## [Material for this task]
========
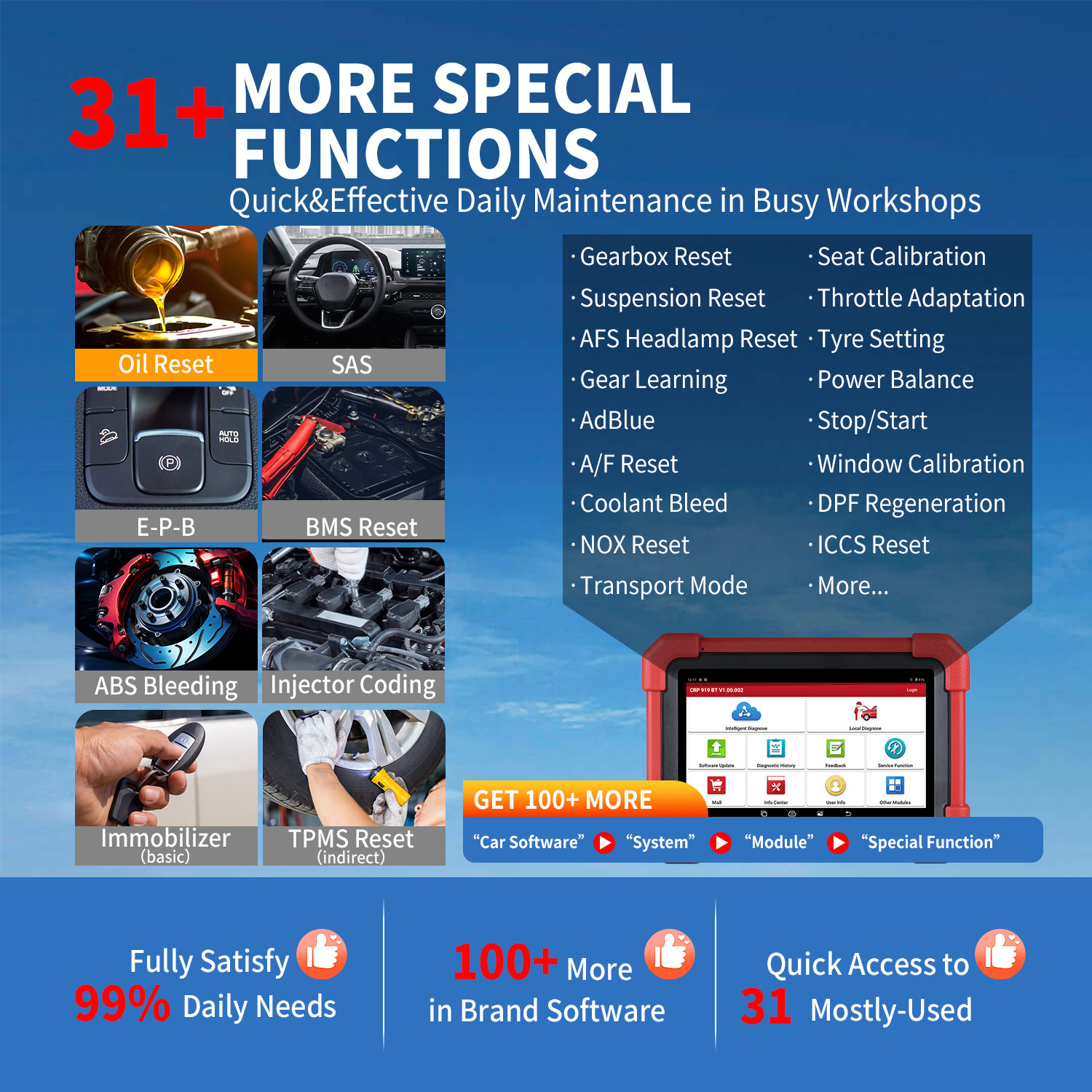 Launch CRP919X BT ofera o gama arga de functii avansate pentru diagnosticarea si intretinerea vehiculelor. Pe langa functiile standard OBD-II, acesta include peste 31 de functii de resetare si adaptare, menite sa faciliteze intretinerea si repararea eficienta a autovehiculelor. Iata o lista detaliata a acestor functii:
========
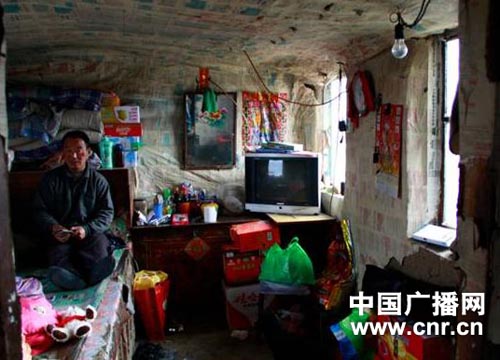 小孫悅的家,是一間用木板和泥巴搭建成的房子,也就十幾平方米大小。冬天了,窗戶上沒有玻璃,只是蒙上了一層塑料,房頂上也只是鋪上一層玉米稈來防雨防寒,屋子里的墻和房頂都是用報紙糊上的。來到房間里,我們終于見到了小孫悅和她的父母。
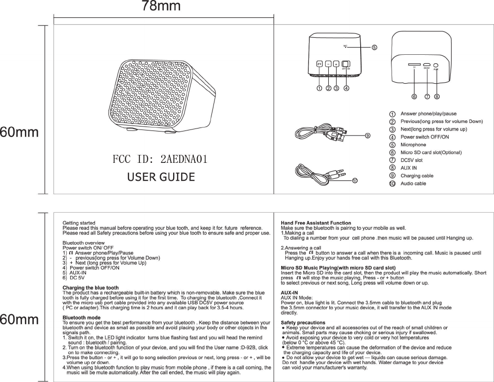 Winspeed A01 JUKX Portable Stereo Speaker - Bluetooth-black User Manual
========
## [Task statement]
Pictures in the entries do not go into the copy. Print only the lines starting at the one containing "小孫悅的家,是一間用木板和泥" and ending at the one containing "Winspeed A01 JUKX", exactly as they appear.

## [Response area]
 小孫悅的家,是一間用木板和泥巴搭建成的房子,也就十幾平方米大小。冬天了,窗戶上沒有玻璃,只是蒙上了一層塑料,房頂上也只是鋪上一層玉米稈來防雨防寒,屋子里的墻和房頂都是用報紙糊上的。來到房間里,我們終于見到了小孫悅和她的父母。
 Winspeed A01 JUKX Portable Stereo Speaker - Bluetooth-black User Manual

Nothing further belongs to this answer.